Há dias assim. Hoje, Público, Diário Económico e Negócios chamam à capa o impacto que a redução de juros do empréstimo a Portugal vai ter nas contas públicas. Apesar de os critérios editoriais serem aparentemente convergentes, os números são divergentes: 800 milhões segundo o Negócios e 8.000 milhões segundo o Público. O Económico adopta a solução de compromisso: “apenas” 2.000 milhões. Quem tem razão?
Possivelmente, todos; porque os valores apresentados hoje designam poupanças diferentes, tendo também fontes diferentes.
Primeiro, os números. Qual é afinal a taxa de juro cobrada pela Europa a Portugal? O figurino inicial permitia dois modelos, que é bem explicado neste documento do Banco de Portugal.
a) O Mecanismo Europeu de Estabilização Financeira (MEEF) emite dívida garantida pelo orçamento comunitário, até um montante total de 26 mil milhões de euros. O dinheiro é libertado em 14 prestações, com o capital a ser reembolsado no final do vencimento de cada tranche (7,5 anos, em média). Os juros são pagos todos os anos, e são calculados da seguinte forma: custo de financiamento de cada tranche + margem de 215 pontos base + custos administrativos
b) O Fundo Europeu de Estabilidade Financeira (FEEF) tem implícitas condições idênticas ao nível da maturidade, pagamento de juros, etc. Quanto à formação da taxa de juro, esta era obtida através do custo de financiamento, somado de uma margem de 208 pontos base, custos administrativos e uma sobretaxa de 50 pontos base sobre cada empréstimo. Ou seja, os juros do FEED e MEEF devem ser mais ou menos similares.

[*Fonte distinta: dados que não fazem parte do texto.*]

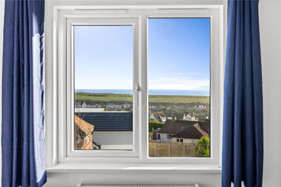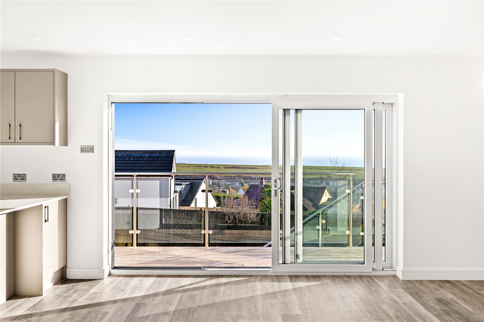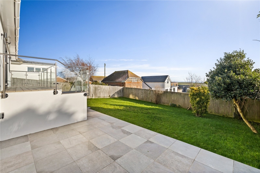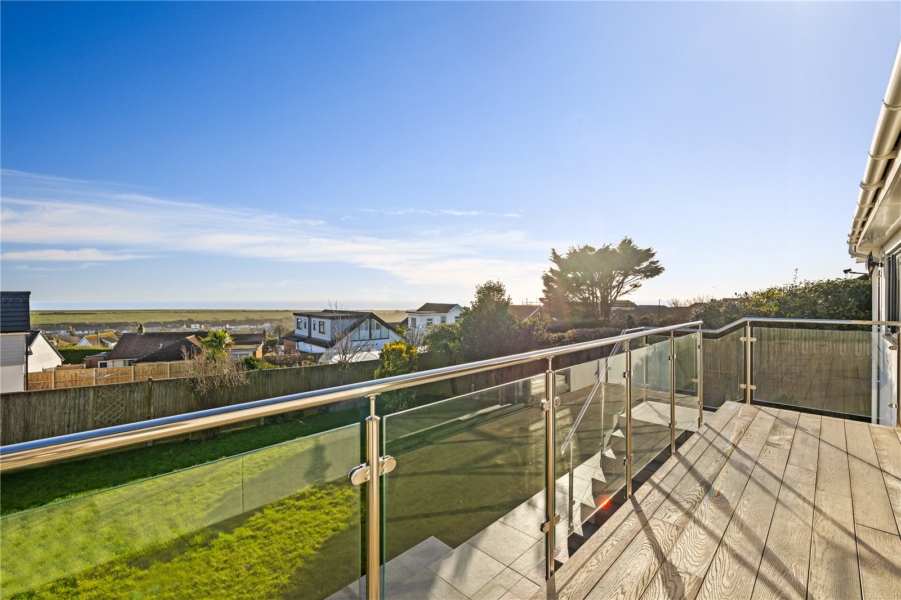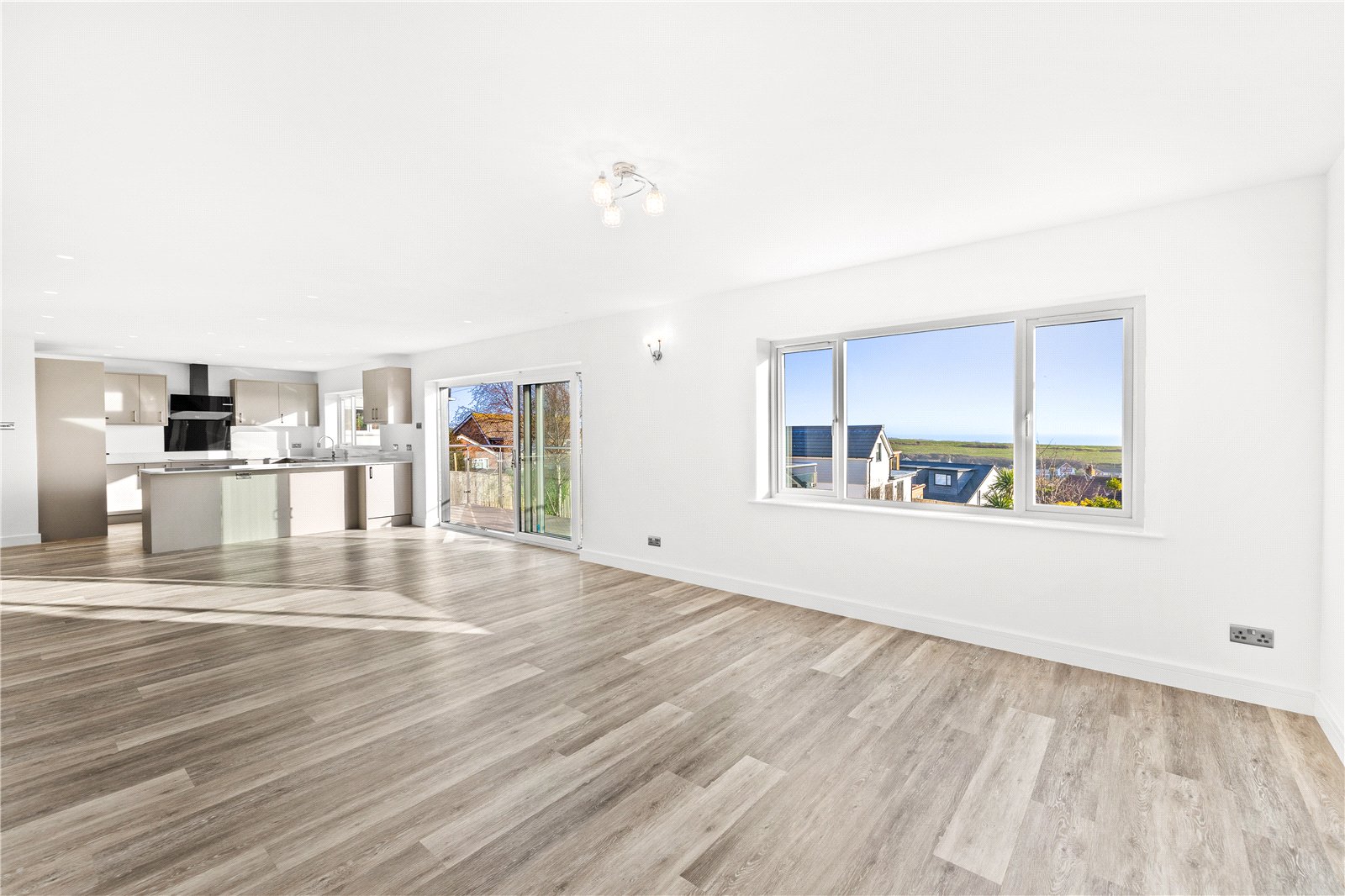 At the heart of the home is a superb open-plan kitchen, living and dining space, thoughtfully designed for modern family life and entertaining. Flooded with natural light, this impressive room opens directly onto the outside seating area, with steps leading down to a large garden that enjoys attractive sea views, creating a seamless connection between indoor and outdoor living.

Com o novo modelo, há duas alterações: a margem de lucro (que ronda os 2%) é eliminada e o prazo de reembolso passa para 10 anos. O que é que isto implica para Portugal?
A manchete de hoje do Negócios aponta para uma poupança que pode ir até 800 milhões de euros. Este valor é fornecido indirectamente pelo próprio FMI, que calcula que a redução dos juros pode permitir uma poupança em torno dos 0,5 a 0,8% do PIB em média, ao longo dos primeiros três anos do programa. O défice reduzir-se-ia, portanto, nessa magnitude, já que o pagamento de juros é uma despesa corrente.
Já a notícia do Público estima em 8.000 milhões de euros o montante total poupado ao longo de todo em período de vigência dos empréstimos. O Negócios replicou os cálculos do Público e chegou a um valor bastante semelhante: cerca de 8,2 mil milhões de euros – isto se assumirmos, como os jornalistas assumem, que o capital tem de ser pago em 7,5 anos e meio. Caso o prazo de amortização passe para 10 anos, a poupança passa para pouco mais de 11 mil milhões de euros.
Finalmente, o Económico apresenta uma estimativa calculada por fontes europeias, que apontam para uma poupança de 2 mil milhões apenas relativamente aos empréstimos que já foram feitos. Isto porque, ficámos a saber ontem, a redução de juros é retroactiva, aplicando-se aos empréstimos que já foram concedidos.